Droit

La communication en période électorale

Le saviez-vous ?

En période préélectorale et électorale, les élus, qu’ils soient candidats ou non, ont souvent le besoin naturel de s’exprimer davantage. C’est en effet une période où les citoyens sont plus attentifs au bilan et aux actions de la municipalité. Mais pour garantir l’égalité des chances de chaque candidat au scrutin, les élus doivent respecter un certain nombre d’obligations en matière de communication.

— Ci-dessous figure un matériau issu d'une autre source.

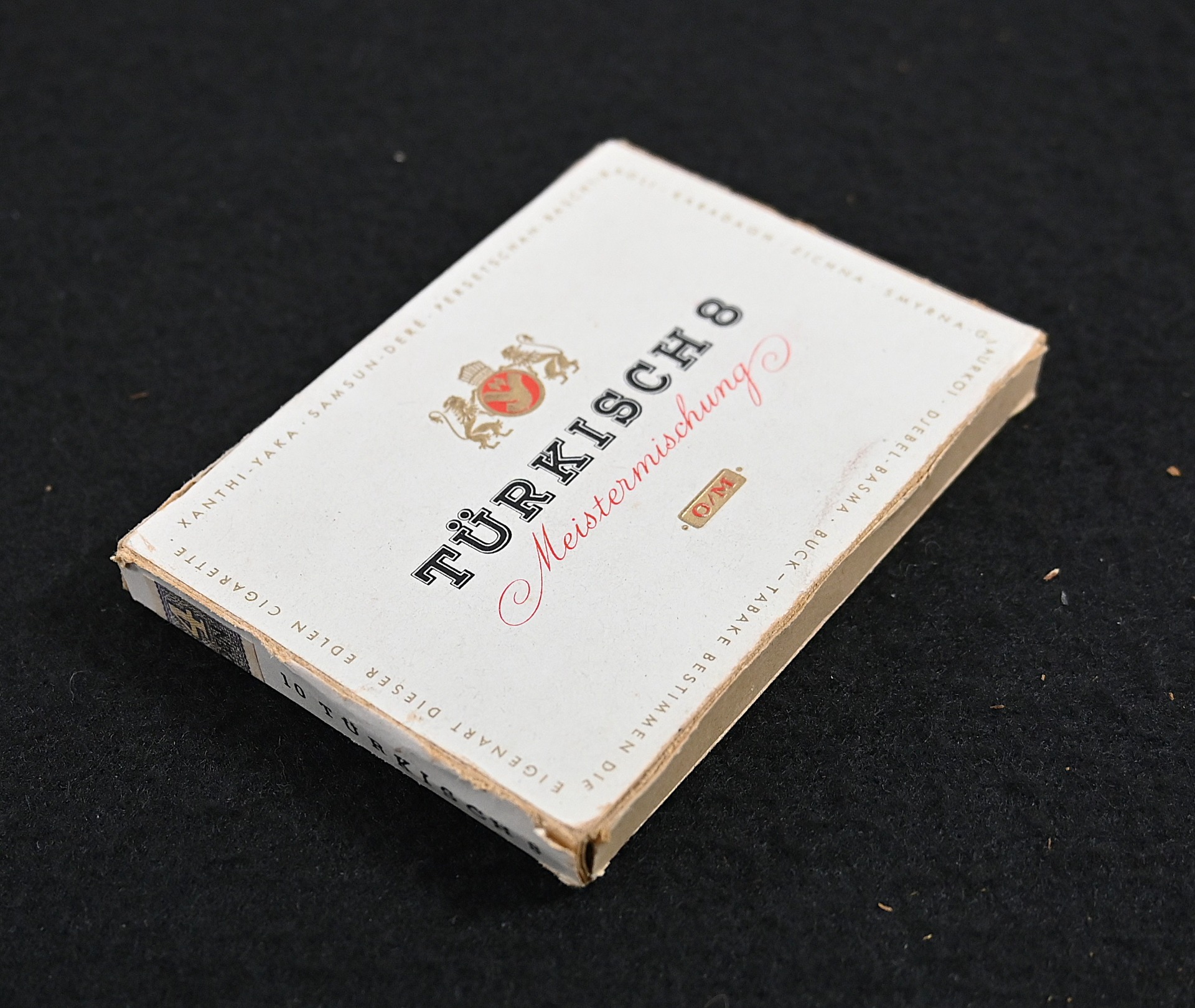 The pack shows overall signs of wear. It's not sealed anymore, but complete with all 10 cigarettes.

S’ils portent atteinte aux règles relatives à la communication en période préélectorale, ou aux normes plus générales comme la loi sur la liberté de la presse, ils prennent le risque de voir leurs « adversaires » estimer que l’élu-candidat tire un avantage de sa fonction et porter leurs griefs devant le juge…

Ce qui peut arriver…

  • Une radio locale gérée par une association met à disposition d’un candidat un temps d’antenne quotidien au cours duquel sont diffusées des émissions destinées à favoriser l’élection de la liste qu’il anime. Cette mise à disposition constitue, compte tenu du contenu des émissions, une violation de l’article L.52-1 al 1er du Code électoral. (CE, 7 mai 1993, « Élections régionales de la Réunion »).
  • Le financement par la commune d’un bulletin mensuel dont les numéros comportent des éléments de propagande en faveur du maire sortant peut entrainer le rejet du compte de campagne du candidat concerné (CE, 15 janvier 1997, « Élections municipales de Villeurbanne »).
  • L’impression et la distribution, par un candidat, aux frais de la commune, de cartes de vœux indiquant sa qualité de candidat constitue une violation de l’article L-52-8 al 2 du Code électoral (TA Paris, 10 octobre 2001, « M. Muzeau, el. Municipale de Clichy »).
  • L’inauguration d’une bibliothèque municipale en présence d’un ministre, deux ou trois mois avant l’élection et près d’un an et demi après son ouverture au public constitue une violation de l’article L.52-1 al 2 du Code électoral (CE, 7 mai 1997, « Élections municipales de Morhange »).